Breaking his own rule, he captured one of her capable hands. Despite the work she did, they were soft and supple. He admired the hell out of her. Not many sixteen year olds would have bothered to try to keep their family together. “That’s amazing, Rose. What about university…sorry, college?”

“Not everyone’s meant for college,” she said, her fingers curling around his. “Besides, I have a business to run.”

His admiration for her grew. Such an intelligent, sexy woman he had in his bed right now. “Do you miss your mother?”

“Sometimes,” she said. “Mostly when I needed advice on how to take care of a baby. Contrary to popular belief, women aren’t born with the knowledge.”

Pressing a kiss to her knuckles, he placed her hand back in safer territory. “You’re a good provider, love.”

“I try to be.”

“Is your dad around?” He knew absolutely nothing about the man, not even a name. His uncle’s lawyers had informed him that there wasn’t a father listed on Rose’s birth certificate.

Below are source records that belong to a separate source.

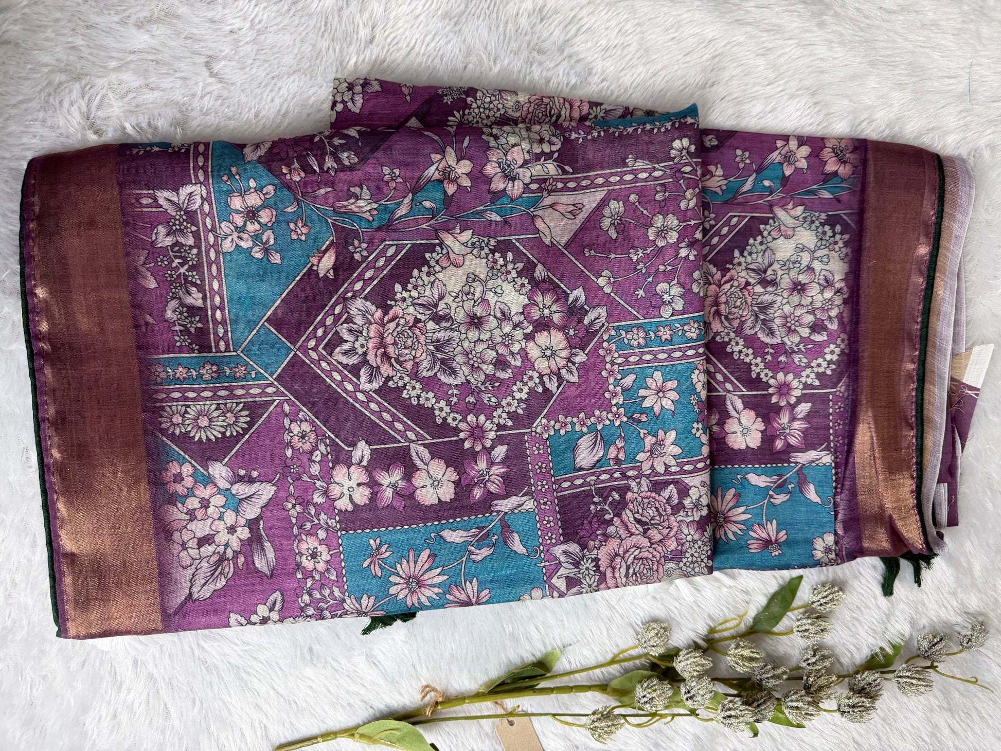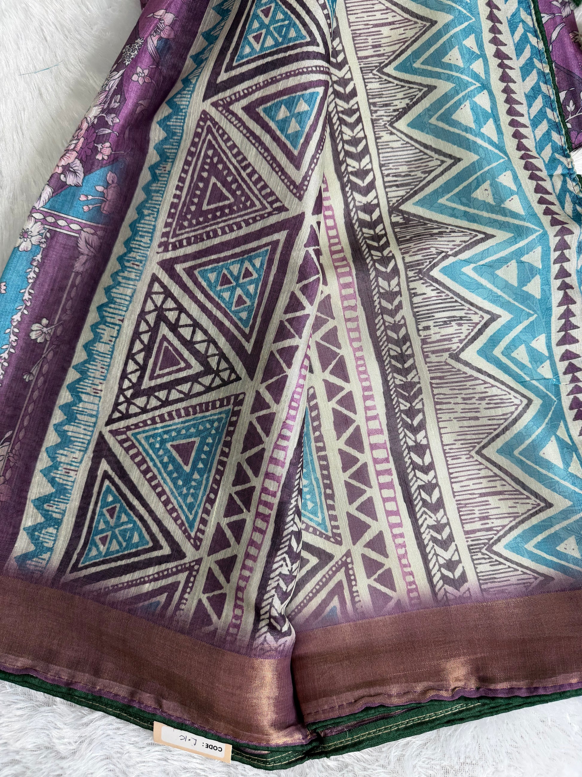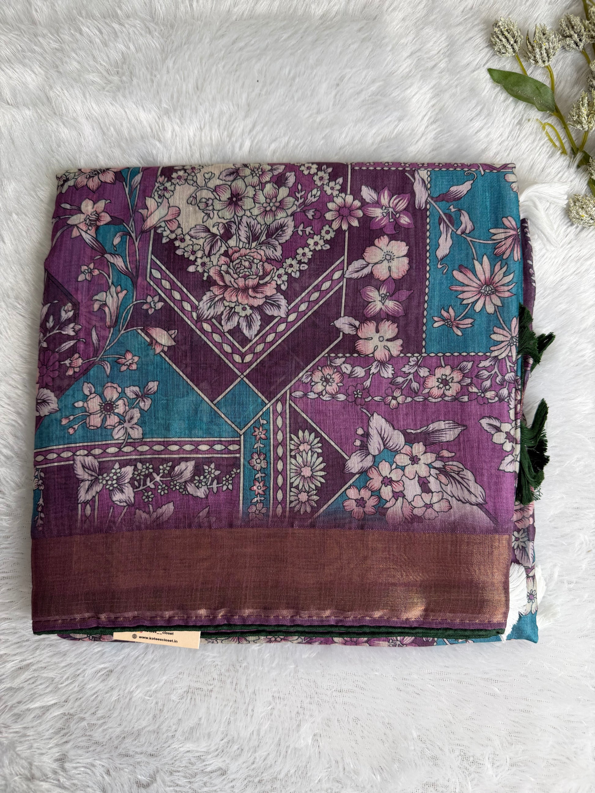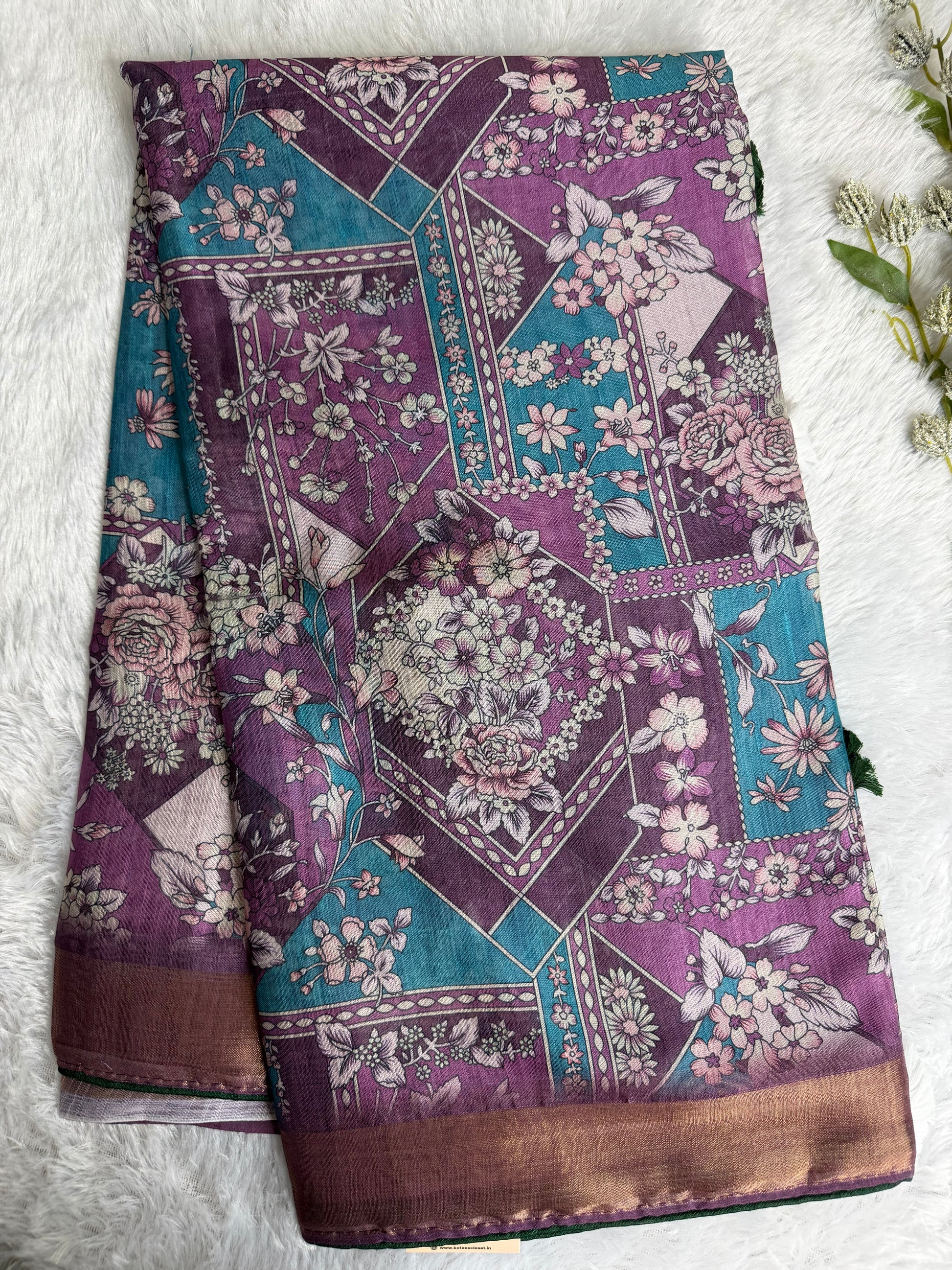 This saree is crafted in premium-quality Kota Linen, featuring elegant floral prints arranged in a refined geometric layout. Lightweight and breathable, the fabric offers a soft texture with a subtle natural sheen and a graceful drape. The contrast border enhances its sophisticated appeal, making it a perfect choice for office wear, casual gatherings, and elegant day occasions.
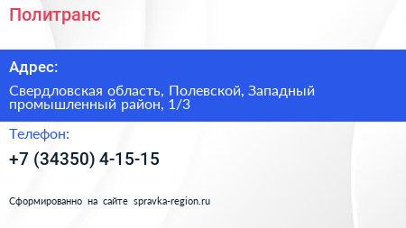 Политранс по адресу Свердловская область, Полевской, Западный промышленный район, 1/3 в дальнейшем Организация, размещена в следующих категориях:
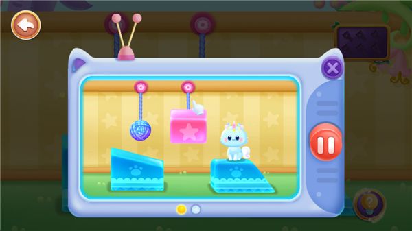 小猫吃饱喝足,宝宝陪它玩一会玩具吧!咦,毛线球玩具怎么不见了?原来小猫的毛线球被吊绳勾住了!宝宝拿起剪刀,剪断吊绳吧。砰咚!毛线球落地,小猫拿到心爱的玩具咯。

“He’s not someone I want in my life.”

He wanted to ask her more, but she looked so uncomfortable that he refrained. There was the possibility she had no idea who her father was. “There’s no shame in your mother raising the three of you by herself.”

“That would be the last thing I’d be ashamed about.” She slid away so that her thigh no longer touched his. “Who’s that man hovering beside your mom?”

The bane of his existence. “My Uncle Vladimir.”

“He looks menacing.” She handed the phone back to him and brushed a strand of hair behind one ear. “I’d already made up my mind to believe you about your mom, even before you showed me this.”

“That’s not why I shared it. I want total honesty with you.”

An elegant black brow arched. “I’m listening.”

“The first time we met was no accident. I came to your store to talk to one of the Holland women. My uncle sent me here after reading about the legend of the spring.”